Missile Damages DHL
Cargo Plane Over Baghdad

By Steve Kirby

BAGHDAD (AFP) - A civilian aircraft belonging to international express courier DHL made an emergency landing in Baghdad Saturday after being hit by a surface-to-air missile in the first successful strike on a plane of the seven-month-old Iraq insurgency.
Nobody was injured in the attack, but it prompted both DHL and Jordanian carrier Royal Wings, the only airline to offer civilian passenger flights into Baghdad, to suspend their services.
"A DHL plane took off from Baghdad airport this morning and was hit by a SAM-7 surface-to-air missile," said a US military official who asked not to be identified.
"It caught fire, it turned around and came back to the airport where it safely landed. The fire was taken out."
Basim al-Waziri, a resident of the southern Yusifiyeh area of the capital, said he saw the missile being fired on the aircraft and hitting its left wing, setting it ablaze.
DHL spokeswoman Patricia Thomson said the Airbus A300 freighter had been flying from Baghdad to the company's Gulf hub in Bahrain when it was forced to return to the Iraqi capital at around 9:30 am (0630 GMT).
"This emergency landing was undertaken successfully. I'm delighted to confirm that all on board escaped any injury," she said in Brussels.
It was the first time that a plane using Baghdad airport had been hit by a missile although eight previous firings had been reported and at least one US military helicopter downed.
All of the previous firings on fixed-wing aircraft had been against military or official planes, not civilian ones, according to the Iraqi transport ministry.

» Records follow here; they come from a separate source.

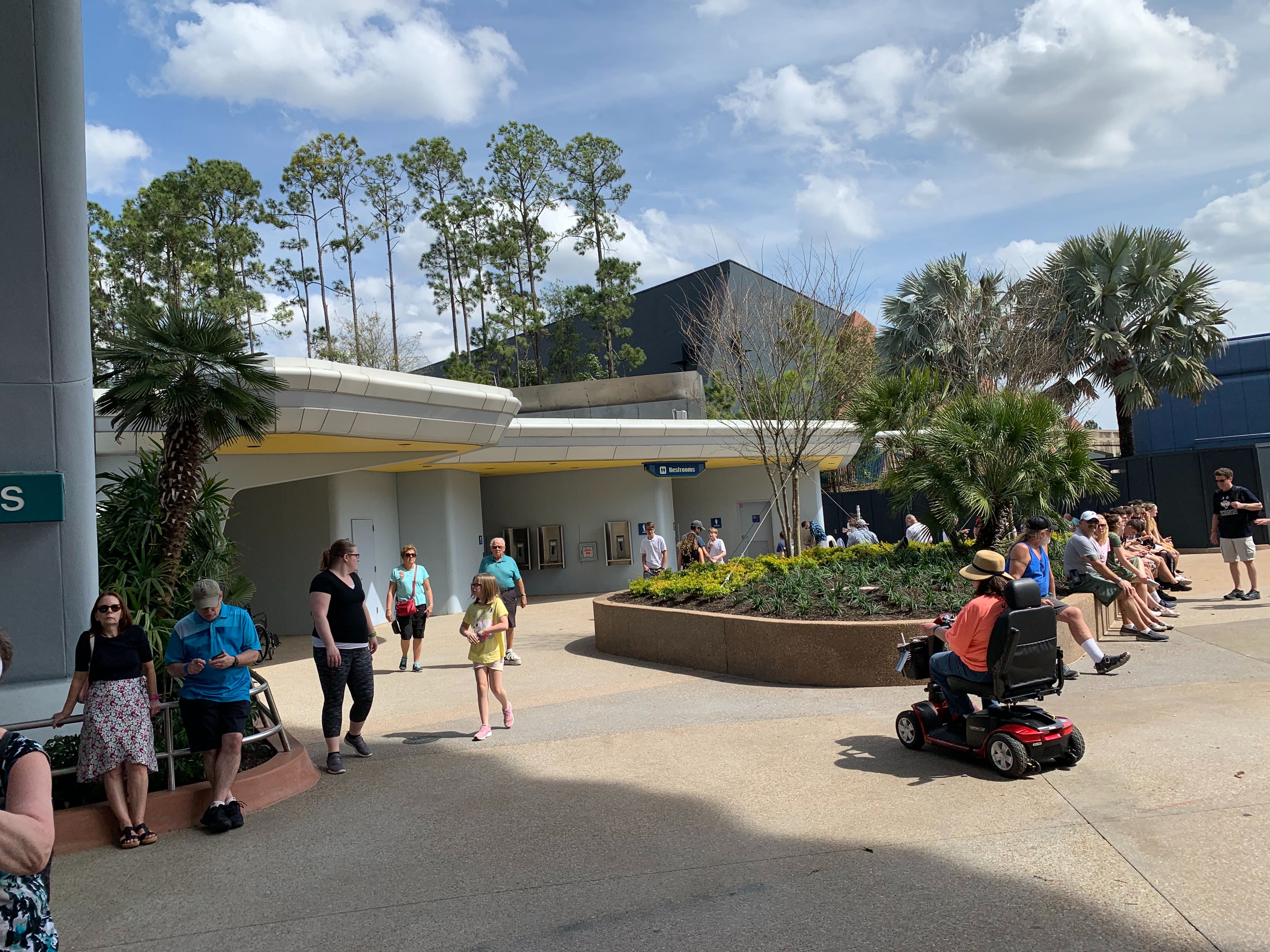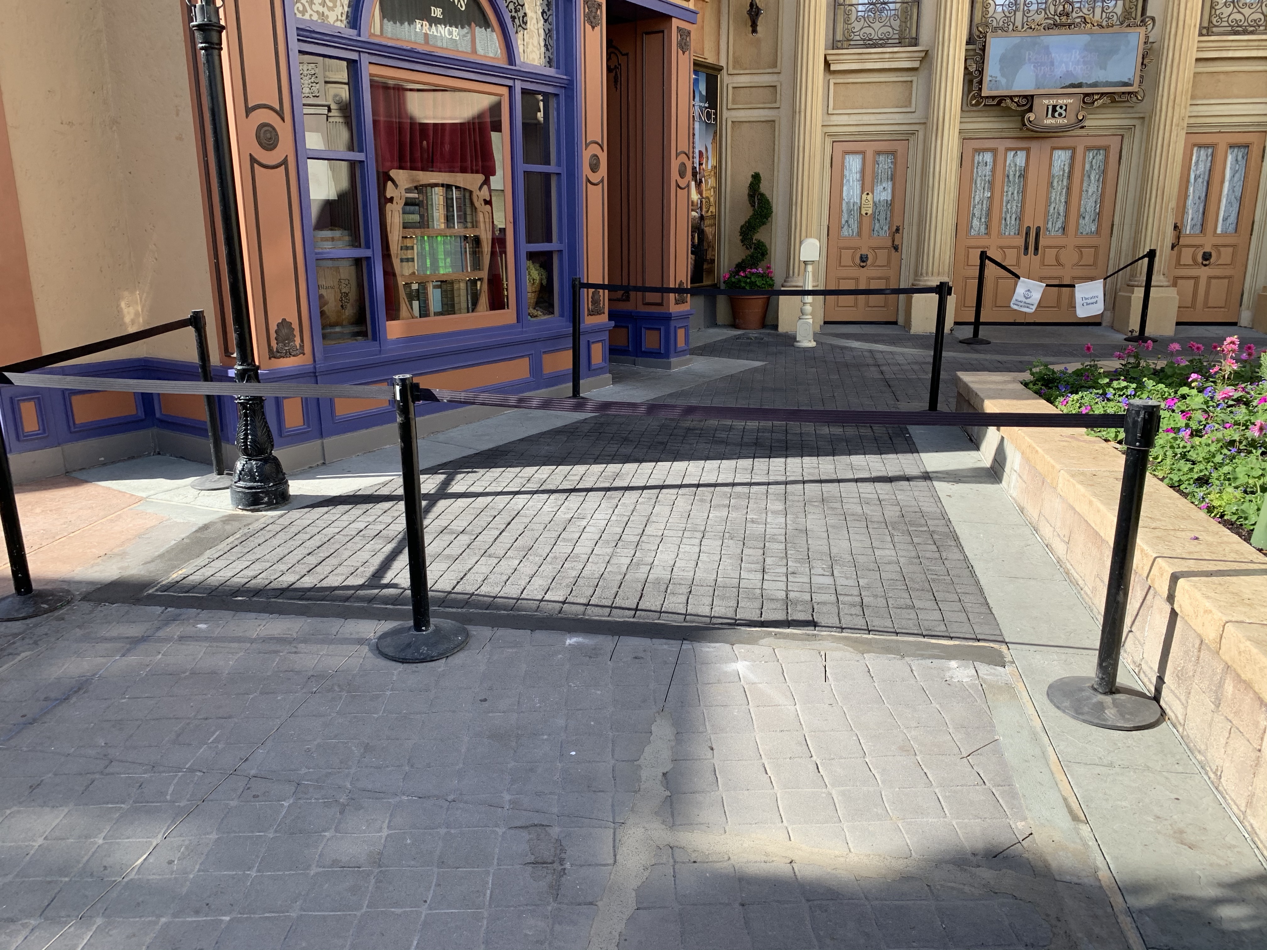 The restrooms on the east side of Spaceship Earth reopened today. This change also caused a new walkway to open, featuring new construction wall art from “Big Hero 6”.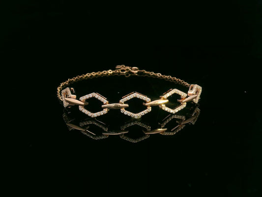 18K Gold Hexagon Link Diamond Bracelet – Modern Chain Design with 0.39 Carat Diamonds
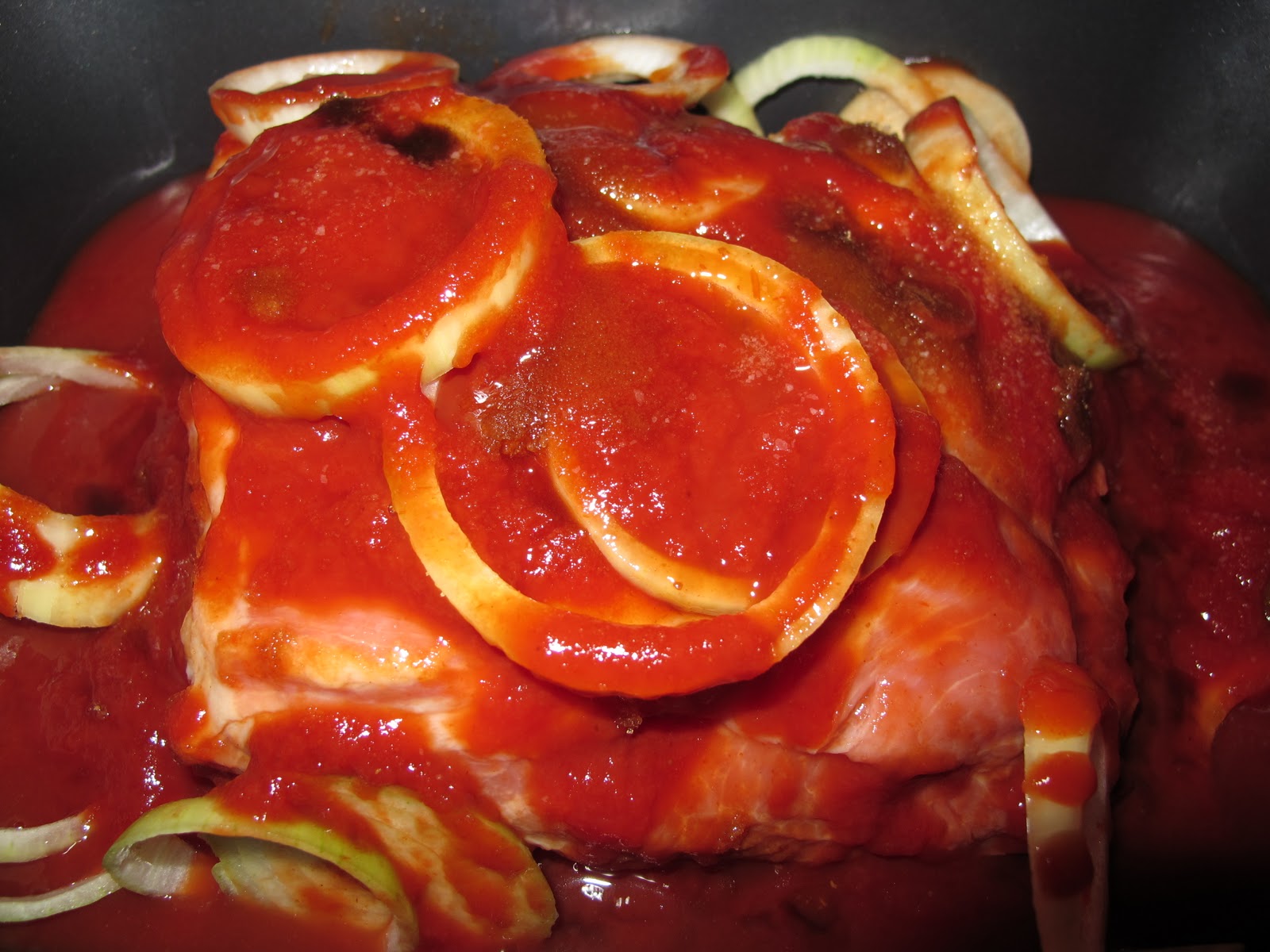 There was no question what my first recipe would be. We stop at a place on the way to Vermont that makes the best pulled pork on the planet. When I thought about slow cooking, stewy things came to mind. My book contains a pulled pork recipe but like a true nerd I had to cross-reference. I found that a pork butt roast was the cut to use. After being briefly nauseated I learned this was not in fact the pork “rear” and located an organic roast. I made the recipe on a Saturday; if you’re an impatient person I wouldn’t suggest slow cooking while you’re hanging around the house. Eight hours later, dinner was done. All four of us loved it.

The strike prompted DHL to announce it had halted its flights temporarily while it considered the longer term future of its service. Royal Jordanian, parent company of Royal Wings, announced a longer suspension.
"Certainly for today our operations are suspended and I would imagine for tomorrow also," DHL's spokeswoman said.
"At the moment there are discussions ongoing as to whether we will actually suspend operations (for the long term)," said Thomson. The discussions are "at the most senior level with the relevant aviation authorities."
The formerly US-owned courier, now owned by German giant Deutsche Post, has been operating an average of three flights a day into the Iraqi capital, carrying US government mail and humanitarian aid as well more routine packages and documents.
Royal Jordanian said it was cancelling Royal Wings flights from Amman to Baghdad until at least Wednesday.
"After November 25, the company will decide if it will restart its flights to Baghdad or not," an official said.
Its three-month-old service, which became daily this month, has been open only to journalists, businessmen, aid workers, coalition officials and members of Iraq's US-installed interim Governing Council.
The SA-7, made by Russian firm Strella, has a range of up to 3,200 metres (3,500 yards) and has proved an ideal weapon for insurgents fighting the US-led occupation as it is fired by a single person.
Thousands of them were bought by Saddam Hussein's regime and many fell into civilian hands after the collapse of his armed forces during the spring invasion.
The coalition has set up a buy-back programme in an attempt to get the weapons off the streets but acknowledges that hundreds probably remain in the hands of their foes.
The missile threat has prevented the full reopening of Baghdad airport despite huge interest from international carriers including British Airways, the Netherlands' KLM and Scandinavian firm SAS, as well as regional airlines.
Iraq's interim transport minister Benham Polis told AFP earlier this month that he had asked US civilian administrator Paul Bremer for permission to begin scheduled passenger flights this week.
But in the light of the persistent missile threat, that authorization is likely to continue to be withheld.